The first thing that comes to my mind is writing good documentation. This is small (and tedious) but super important. One thing people usually struggle with at onboarding is understanding those tables, metrics, and past projects. When that happens to me, I usually search in Slack, Confluence, and Google Drive first, then ask teammates. And that’s when I hope there is better documentation. So, to make others’ life easier (and make your own life easier when you need to go back to something after three months), adding detailed table documentation, and writing project summary docs and model methodology docs is critical.
And to extend the scope a little bit, I think we should always think about setting up best practices for the team when we see opportunities. Just taking documentation as an example, seeing how many tables are missing descriptions, maybe it’s a good time to propose a team-wide initiative to increase documentation coverage and set up requirements for new tables. In the past year, I launched a Looker training to help teammates and stakeholders to get started with Looker quickly and drafted a SQL query optimization course to advocate SQL best practices to save query time and costs.
Lastly, I also started mentoring juniors last year. It is something new to me so I am still learning. In the past five years, I have met many great managers and mentors, so I totally understand how valuable a good mentorship is to someone new in the field. I wish I could help others grow, just as how others have helped me. I have also found this mentorship process mutually beneficial as I also got to know more about others’ projects and learn new domain knowledge and new techniques.
Keep Learning and Be Prepared
The last takeaway I would like to share is to keep learning. We all know that data science is a fast-evolving field. There are new models and new techniques every day. For example, SHAP is a relatively new concept but has been proven super helpful to interpret feature importance. I personally set aside some time every Friday and Sunday night to read interesting blogs on Medium (see my bi-monthly reading notes here). Not every blog I read will help me immediately at work, but they at least educate me on what is out there and when I encounter a new problem, I know what I could potentially use.

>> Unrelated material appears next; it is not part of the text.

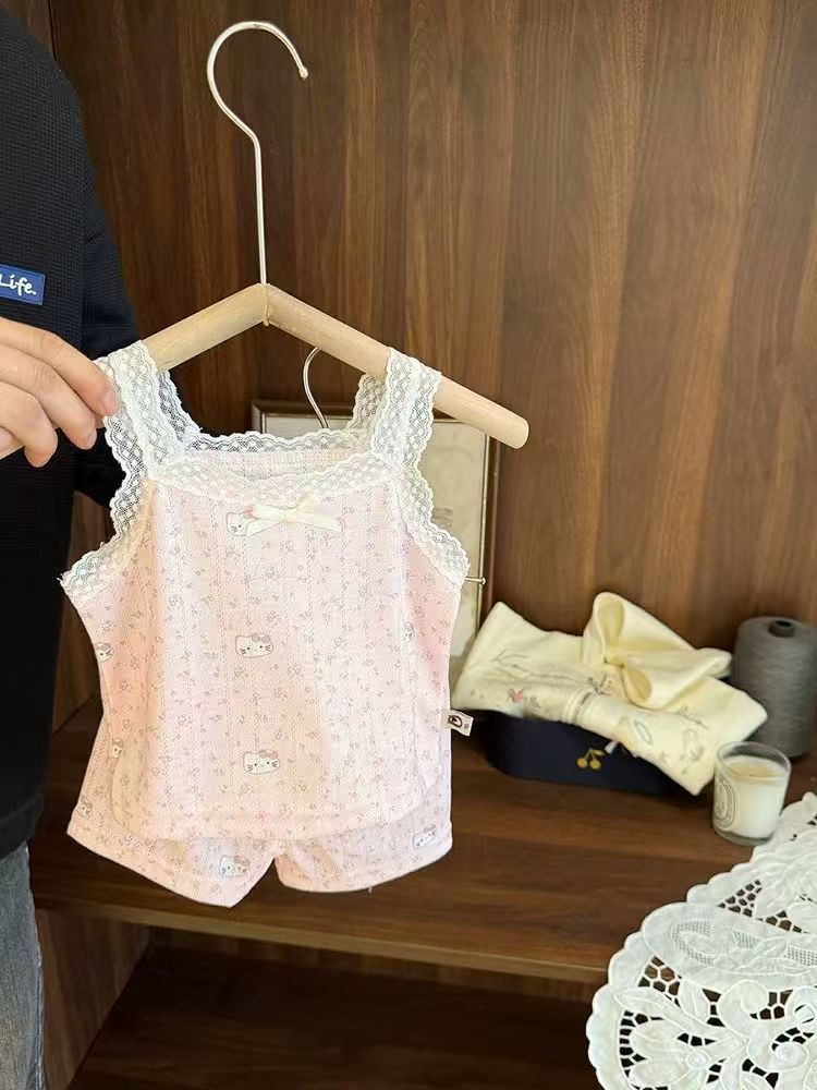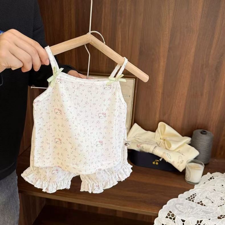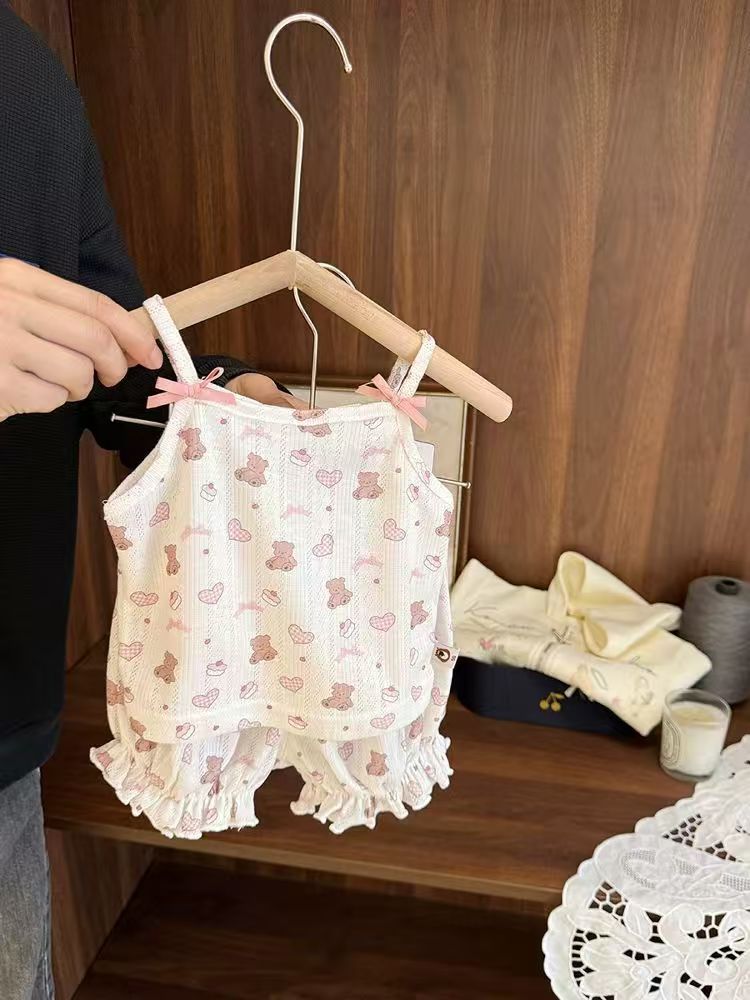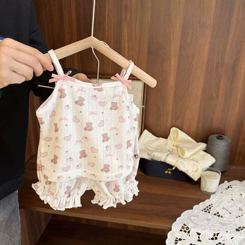 아기 소녀 통기성 얇은 가정 의류 세트 아기 소녀 여름 겉옷 소녀 캐미솔 반바지 투피스 세트스토어 가기

Moreover, learning should not be limited to the data science field. DS roles are highly cross-functional these days, so I also find it helpful to deepen my understanding of engineering frameworks, data pipeline tools, product design knowledge, etc. It makes my conversation with my stakeholders smoother and prepares me for larger projects and future challenges.
I did not expect this to be a 2000-word post when I started writing it last year (well, I mean, five days ago), and this definitely does not cover everything I learned in the past five years. However, I hope this would be helpful to people who just started their DS career or are interested to enter the field.